Lance Dutson: First, Bill Clinton has a secret meeting with Attorney General Loretta Lynch. Then, FBI Director James Comey lets Hillary Clinton off the hook for what he described as “extremely careless” handling of her email. It looks like Bill Clinton’s silver tongue got the family out of another jam. Gotta love that blind justice.
Steven Biel: Please. James Comey is a registered Republican who gave max donations to John McCain and Mitt Romney. Plus, he has a sterling track record of prosecutorial integrity. Now you trash his reputation because he wouldn’t go along with your political hit job? Sad!
Lance: Funny, I remember how dozens of people with similar resumes saw their credibility spontaneously combust in the ’90s. Some of the most respected statesmen and women, including our own Bill Cohen, stood by Bill Clinton when he said “I did not have sexual relations with that woman.” But this time the public gets the joke. She screwed up, she lied about it, and now she’s getting special treatment.
Steven: Special treatment? Colin Powell used personal email as secretary of state, and no one cared. The George W. Bush White House deleted 22 million emails, and no one cared. The truth is, Clinton’s email is the most overblown phony scandal since TravelGate. Remember that one? No one else does, either.
Lance: Of course. As Hillary said, “What difference does it make?” It’s just sex with an intern in the Oval Office. It’s just lying to the American people. It’s just classified emails illegally funneled to a private server that was wiped clean before investigators could see it. No big deal to the Clintons, but these things bother voters because we all know we would get fired or prosecuted if we did the same things.
Steven: Let’s dispense with this fiction that she got special treatment. To quote FBI Director Comey: “You know what would be a double standard? If she were prosecuted.” Jason Chaffetz, the House Oversight Committee chairman who’s now leading the attacks on Clinton, literally has his Gmail address on his congressional business card! You and I know staff and elected officials on Capitol Hill and Augusta who use personal email for work. And they do it for exact same reason Clinton did — to keep private things private.
Lance: I’m sorry, it’s just not true that “everyone does it.” Take Gen. David Petraeus. He managed to combine two Clinton trademarks into one — he broke the email rules with a woman he was having an affair with. And even though he was a celebrated war hero, he paid the price.
Steven: Comey shot down that comparison in front of Congress. Petraeus knowingly gave a huge trove of secret material to a biographer for personal profit and then lied to the FBI about it.
Lance: So if she didn’t do anything wrong, why didn’t she just tell the truth? She said there were no classified documents on her email, but there were. She said she saved all her work emails, but she didn’t. It all adds to the impression that she is either a dingdong or she’s dishonest.

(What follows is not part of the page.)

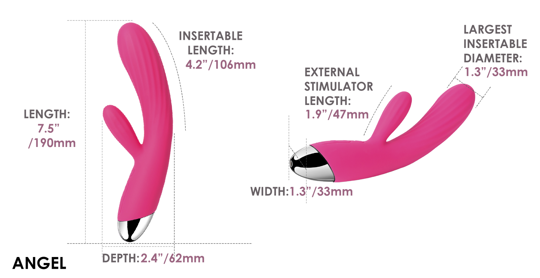 Angel offers extended usage time up to 3 hour that you can enjoy longer sessions without worrying about battery life. The discreet charging port ensures the device maintains its sleek design and waterproof feature.

Steven: I agree it’s a political problem, and I don’t particularly buy that she “did it for convenience.” My gut is that she did it because she didn’t want a replay of Ken Starr describing her husband’s bodily fluids on the front page of The New York Times. But politically she couldn’t say that either.
Lance: Actually, she could have. If there’s one thing Trump has proven, it’s that candor is gold right now. Instead she let it get to the brink of indictment, and that’s just bad politics.

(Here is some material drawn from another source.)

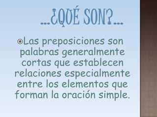 Este documento describe las preposiciones en español. Explica que las preposiciones establecen relaciones entre elementos de la oración y dan ejemplos como "a", "de", "en", "con". También indica que las preposiciones conectan sustantivos, pronombres, adverbios e infinitivos. Finalmente, señala que las preposiciones son necesarias para completar el significado de palabras como verbos y que un elemento puede regir varias preposiciones dependiendo de lo que se quiere expresar.

Steven: Then again, she’s had one of the longest and most impactful careers in public life of the last 50 years and is on the verge of becoming the first woman ever elected president of the United States. So maybe she’s not such a dingdong.
Lance: She’s certainly been impactful, and unfortunately a big part of her impact has been to contribute to a massive erosion of public trust.
Steven Biel is former campaign director for MoveOn.org and president of the Portland-based political consulting firm Steven Biel Strategies. Lance Dutson, a principal of Red Hill Strategies, is a Republican communications consultant. He has served on the campaign teams of U.S. Sens. Susan Collins and Kelly Ayotte, as well as the Maine Republican Party.